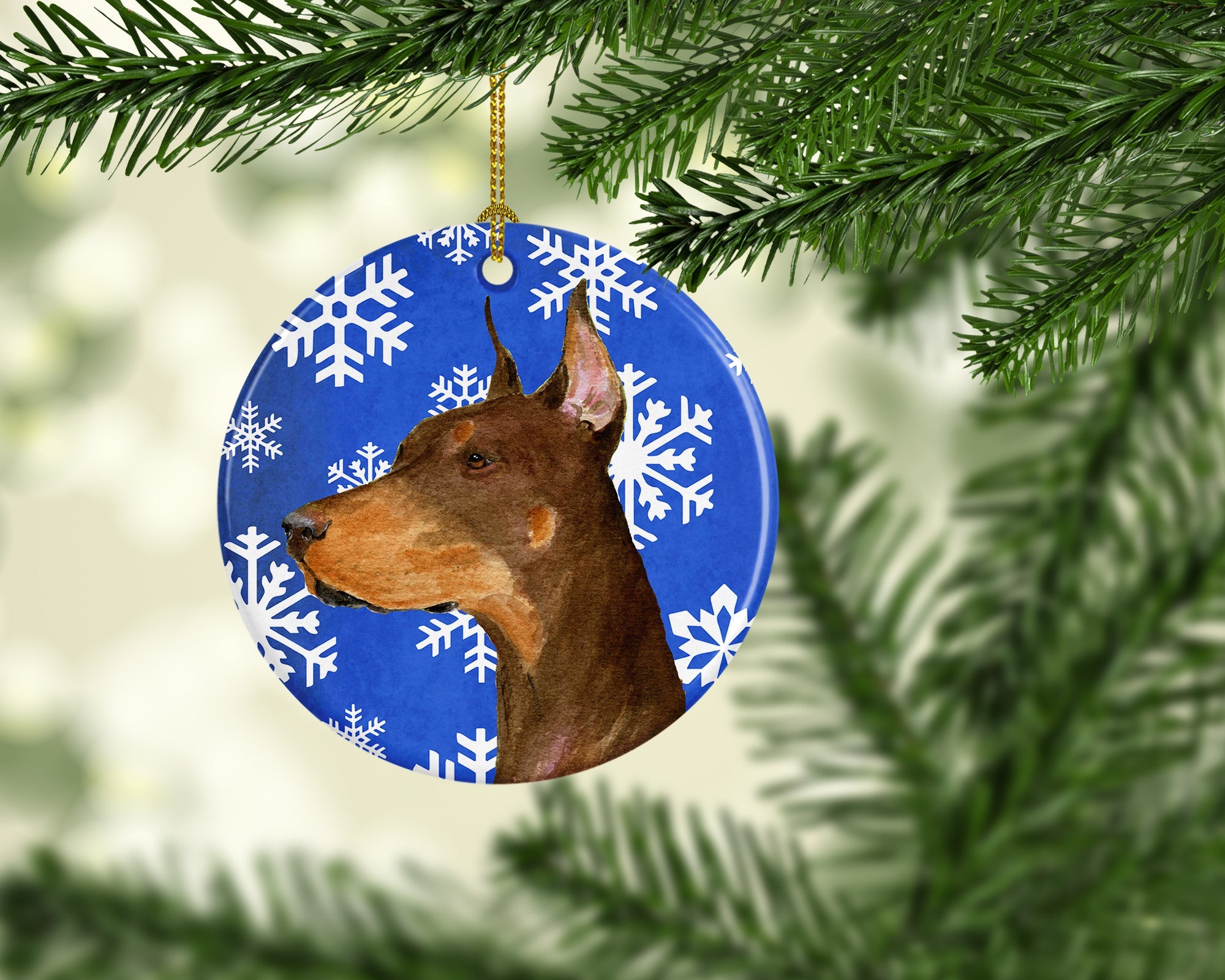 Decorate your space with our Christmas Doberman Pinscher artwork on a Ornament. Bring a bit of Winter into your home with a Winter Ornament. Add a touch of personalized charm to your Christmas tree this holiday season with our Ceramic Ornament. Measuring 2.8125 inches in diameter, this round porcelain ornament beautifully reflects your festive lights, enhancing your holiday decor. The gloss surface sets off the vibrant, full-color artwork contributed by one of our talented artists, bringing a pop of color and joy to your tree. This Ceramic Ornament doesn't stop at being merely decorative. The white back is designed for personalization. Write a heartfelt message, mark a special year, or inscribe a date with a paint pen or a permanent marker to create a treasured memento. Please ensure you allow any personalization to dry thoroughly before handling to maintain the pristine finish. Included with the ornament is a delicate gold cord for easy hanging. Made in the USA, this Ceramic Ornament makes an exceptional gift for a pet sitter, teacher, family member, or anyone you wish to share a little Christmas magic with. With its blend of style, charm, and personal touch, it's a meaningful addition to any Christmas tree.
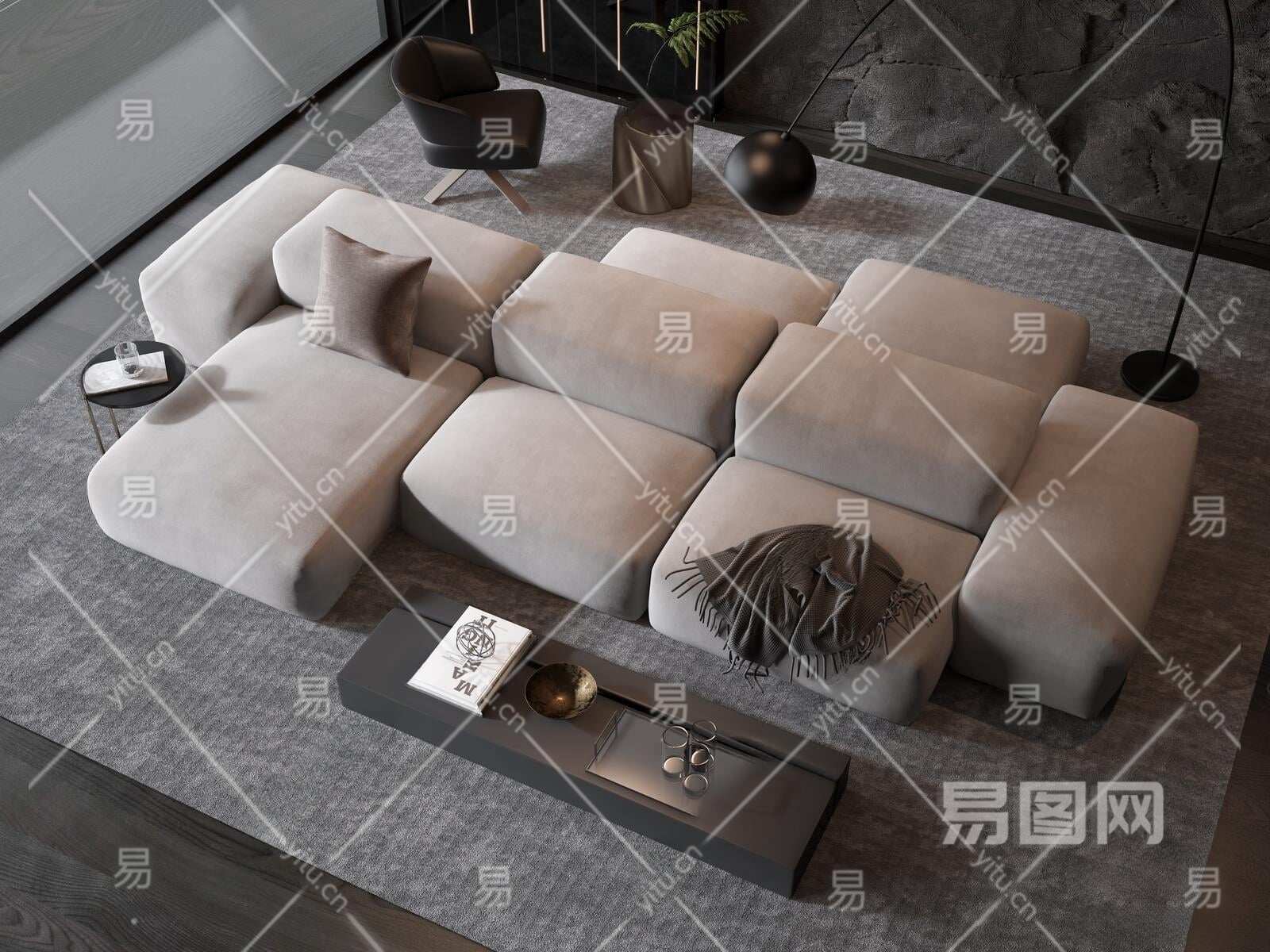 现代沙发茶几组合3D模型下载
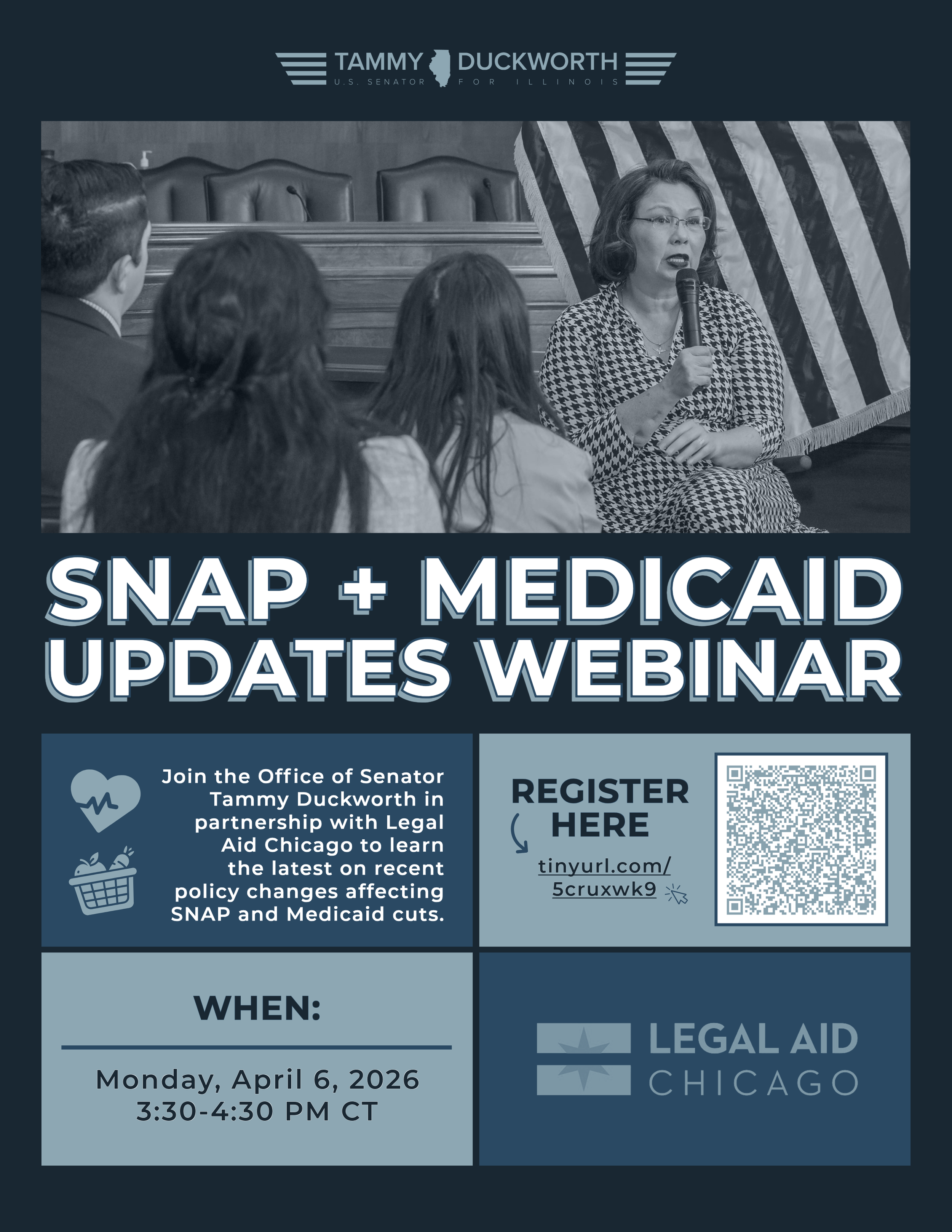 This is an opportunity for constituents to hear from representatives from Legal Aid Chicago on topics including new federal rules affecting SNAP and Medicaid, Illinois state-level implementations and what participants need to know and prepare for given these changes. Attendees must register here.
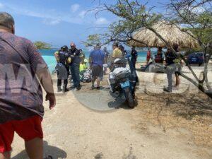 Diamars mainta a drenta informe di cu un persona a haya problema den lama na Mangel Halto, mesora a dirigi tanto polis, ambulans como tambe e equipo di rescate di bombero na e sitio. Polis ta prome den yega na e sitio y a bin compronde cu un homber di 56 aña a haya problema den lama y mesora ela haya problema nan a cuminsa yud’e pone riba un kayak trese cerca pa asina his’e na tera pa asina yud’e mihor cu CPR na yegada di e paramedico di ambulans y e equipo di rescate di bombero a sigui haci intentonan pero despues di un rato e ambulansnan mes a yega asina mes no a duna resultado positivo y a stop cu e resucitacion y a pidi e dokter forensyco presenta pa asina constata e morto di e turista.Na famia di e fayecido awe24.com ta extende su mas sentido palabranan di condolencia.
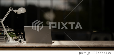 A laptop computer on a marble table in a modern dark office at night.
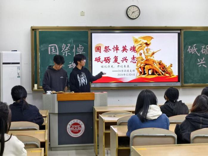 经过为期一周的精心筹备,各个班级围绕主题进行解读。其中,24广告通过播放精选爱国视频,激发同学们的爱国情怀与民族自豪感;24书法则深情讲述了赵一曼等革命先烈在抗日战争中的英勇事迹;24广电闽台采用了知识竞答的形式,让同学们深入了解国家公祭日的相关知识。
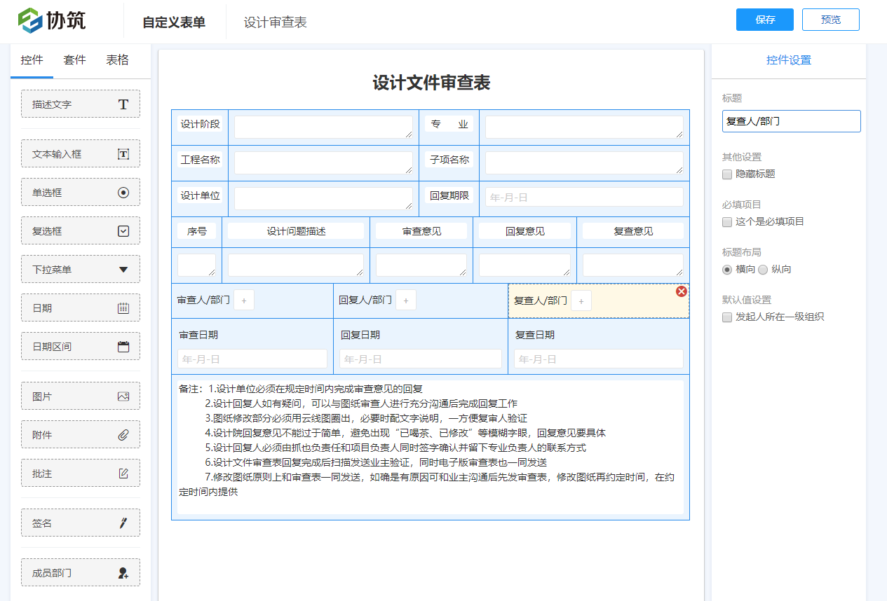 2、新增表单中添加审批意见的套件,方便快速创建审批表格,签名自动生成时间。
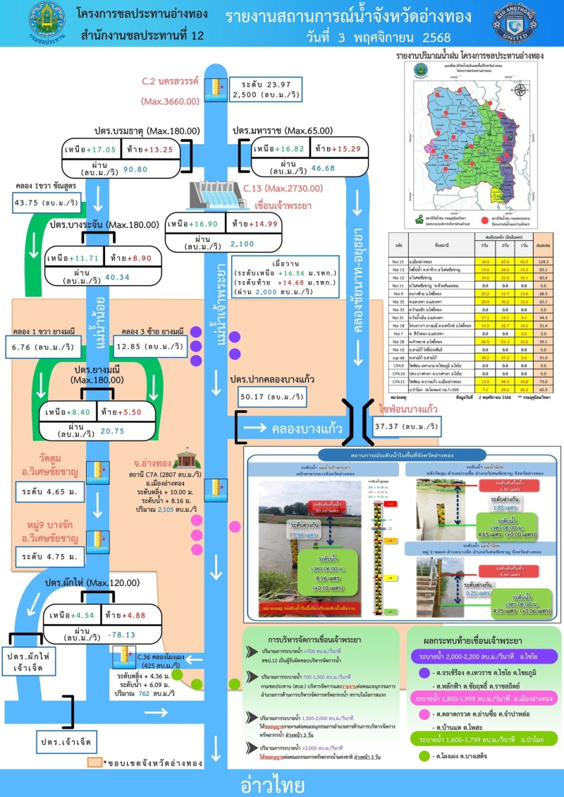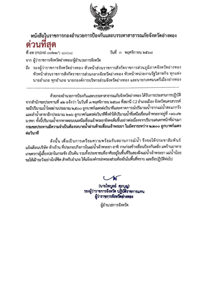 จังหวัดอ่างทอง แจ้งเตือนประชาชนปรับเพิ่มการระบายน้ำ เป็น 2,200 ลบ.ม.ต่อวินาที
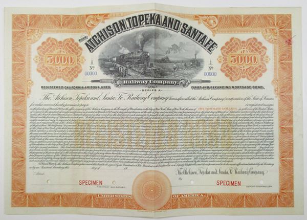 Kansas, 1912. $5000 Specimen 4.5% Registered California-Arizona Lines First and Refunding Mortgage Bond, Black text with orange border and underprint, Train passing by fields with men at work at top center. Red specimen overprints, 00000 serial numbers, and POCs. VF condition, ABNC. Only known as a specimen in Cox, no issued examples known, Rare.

● **WHAT YOU SHOULD DO**:
Your reply should restate every entry exactly, with the pictures left out.

● **TASK SOLUTION**:
 Decorate your space with our Christmas Doberman Pinscher artwork on a Ornament. Bring a bit of Winter into your home with a Winter Ornament. Add a touch of personalized charm to your Christmas tree this holiday season with our Ceramic Ornament. Measuring 2.8125 inches in diameter, this round porcelain ornament beautifully reflects your festive lights, enhancing your holiday decor. The gloss surface sets off the vibrant, full-color artwork contributed by one of our talented artists, bringing a pop of color and joy to your tree. This Ceramic Ornament doesn't stop at being merely decorative. The white back is designed for personalization. Write a heartfelt message, mark a special year, or inscribe a date with a paint pen or a permanent marker to create a treasured memento. Please ensure you allow any personalization to dry thoroughly before handling to maintain the pristine finish. Included with the ornament is a delicate gold cord for easy hanging. Made in the USA, this Ceramic Ornament makes an exceptional gift for a pet sitter, teacher, family member, or anyone you wish to share a little Christmas magic with. With its blend of style, charm, and personal touch, it's a meaningful addition to any Christmas tree.
 现代沙发茶几组合3D模型下载
 This is an opportunity for constituents to hear from representatives from Legal Aid Chicago on topics including new federal rules affecting SNAP and Medicaid, Illinois state-level implementations and what participants need to know and prepare for given these changes. Attendees must register here.
 Diamars mainta a drenta informe di cu un persona a haya problema den lama na Mangel Halto, mesora a dirigi tanto polis, ambulans como tambe e equipo di rescate di bombero na e sitio. Polis ta prome den yega na e sitio y a bin compronde cu un homber di 56 aña a haya problema den lama y mesora ela haya problema nan a cuminsa yud’e pone riba un kayak trese cerca pa asina his’e na tera pa asina yud’e mihor cu CPR na yegada di e paramedico di ambulans y e equipo di rescate di bombero a sigui haci intentonan pero despues di un rato e ambulansnan mes a yega asina mes no a duna resultado positivo y a stop cu e resucitacion y a pidi e dokter forensyco presenta pa asina constata e morto di e turista.Na famia di e fayecido awe24.com ta extende su mas sentido palabranan di condolencia.
 A laptop computer on a marble table in a modern dark office at night.
 经过为期一周的精心筹备,各个班级围绕主题进行解读。其中,24广告通过播放精选爱国视频,激发同学们的爱国情怀与民族自豪感;24书法则深情讲述了赵一曼等革命先烈在抗日战争中的英勇事迹;24广电闽台采用了知识竞答的形式,让同学们深入了解国家公祭日的相关知识。
 2、新增表单中添加审批意见的套件,方便快速创建审批表格,签名自动生成时间。
 จังหวัดอ่างทอง แจ้งเตือนประชาชนปรับเพิ่มการระบายน้ำ เป็น 2,200 ลบ.ม.ต่อวินาที
 Kansas, 1912. $5000 Specimen 4.5% Registered California-Arizona Lines First and Refunding Mortgage Bond, Black text with orange border and underprint, Train passing by fields with men at work at top center. Red specimen overprints, 00000 serial numbers, and POCs. VF condition, ABNC. Only known as a specimen in Cox, no issued examples known, Rare.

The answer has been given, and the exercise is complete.